A major challenge in bioinformatics is to devise algorithmic methods that, given a gene, can predict a hypothesis for its function that can then be validated by wet-lab assays. 

Recently, new experimental  techniques have become available, producing data which offer clues about gene function (e.g. protein-protein interaction data, gene expression  data,  metabolic  profiling,  etc).
However, it  has  become  clear that while each data type contains important  information that can help in determining the  function of  a gene, no single data  type  by  itself  suffices. Also, it  has been shown  that  large-scale  functional  inference  greatly  improves  by  integrating
evidence from different sources.

The aim of this project is to analyze and quantify the amount of information that each data type conveys about gene function.

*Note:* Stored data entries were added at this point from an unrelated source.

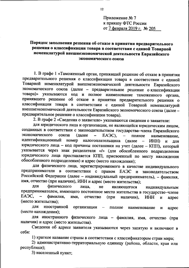 ПРИКАЗ ФТС РФ от 07.02.2019 N 205
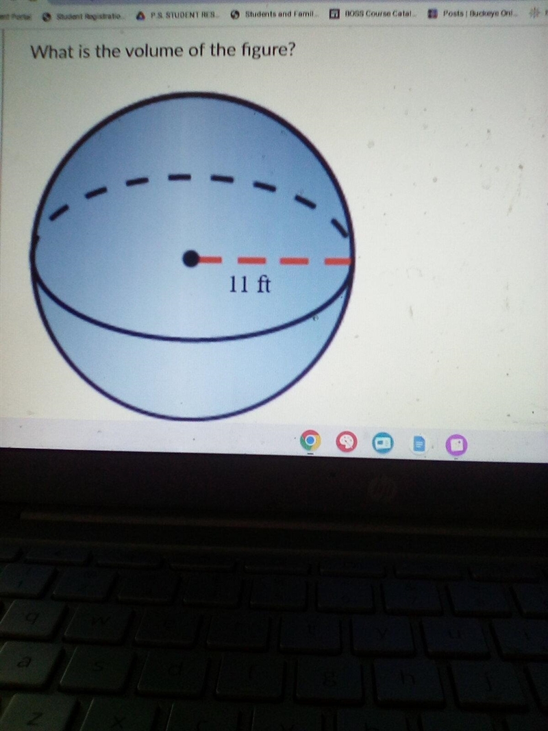 V=4/3πr^3=4/3·π·11^3≈5575.27976
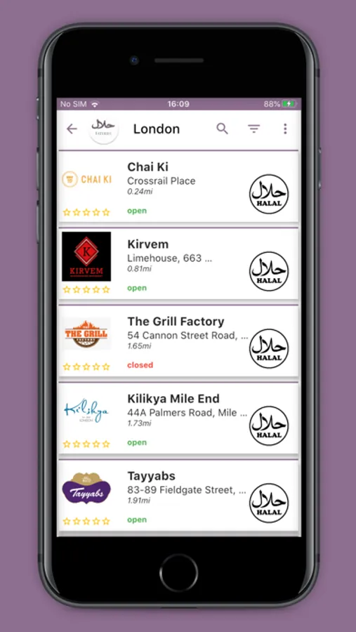 You also have the ability to sort the restaurants by their distance relative to a chosen location, so you can plan any trips ahead of time or simply find the closest halal eatery to your current location.
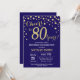 Invitación de cumpleaños 80 con fondo de diamante azul y Purpurina de oro de la Marina. Confetti de oro. Cumpleaños de adultos. Cumpleaños de hombres o mujeres. Para más personalización, haga clic en el botón "Personalizar" y utilice nuestra herramienta de diseño para modificar esta plantilla.
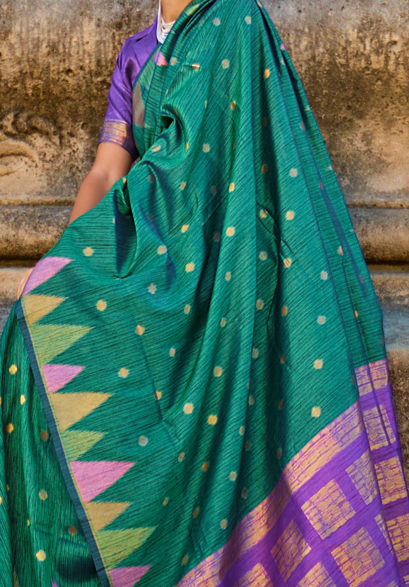 Regal Green Woven Khadi Temple Border Saree - A Perfect Blend of Tradition and Elegance
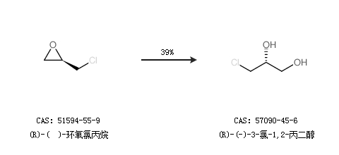 2.通過(R)-(?)-環(huán)氧氯丙烷合成(R)-(-)-3-氯-1,2-丙二醇,收率約39%;
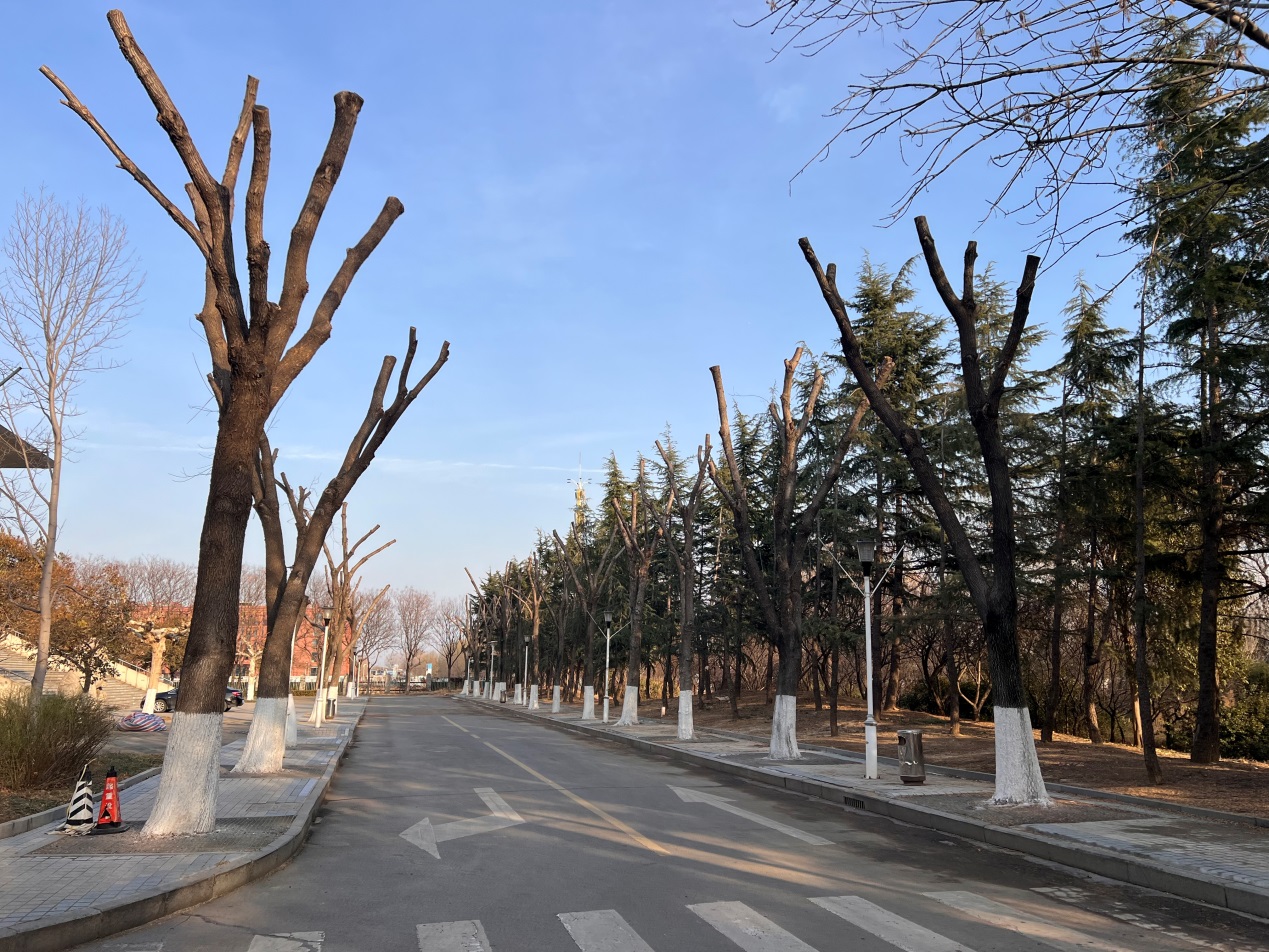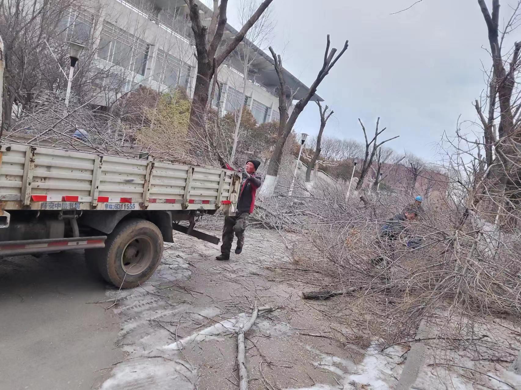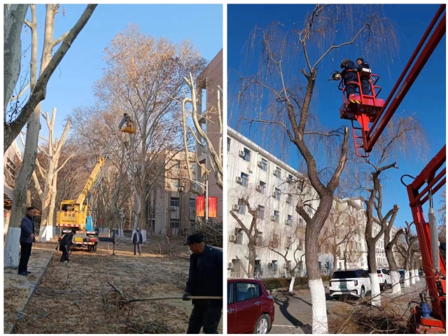 为进一步美化校园环境、消除安全隐患,后勤管理处物业管理中心利用寒假期间,对校园内的高大树木进行了修剪和养护工作。

This  project  will  begin  by  collecting  publicly  available  experimental  and
computational datasets for the following organisms:
- S. cerevisiae
- C. elegans
- D. melanogaster
- A.  thaliana
- H. sapiens
Particularly we shall  focus on  these different  types  of  data  (when  available  for  a  given  organism):  homology  data, sequence  pattern,  structure  pattern,  gene  expression,  protein  expression, metabolite  expression,  protein-protein  interaction,  genetic  interaction and
pathway  information.
For  the  genes  which  have  already  been  experimentally annotated we shall also collect  their  respective  functional annotation  (based on GO - the Gene Ontology).
We shall then attempt to quantify the amount of information about gene function contained  in  each  data  type.  To  do  this  we  shall  use  both  standard  statistical techniques as well as Random Graph Dependency,  a  novel  information  theory measure for quantifying distances between large graphs.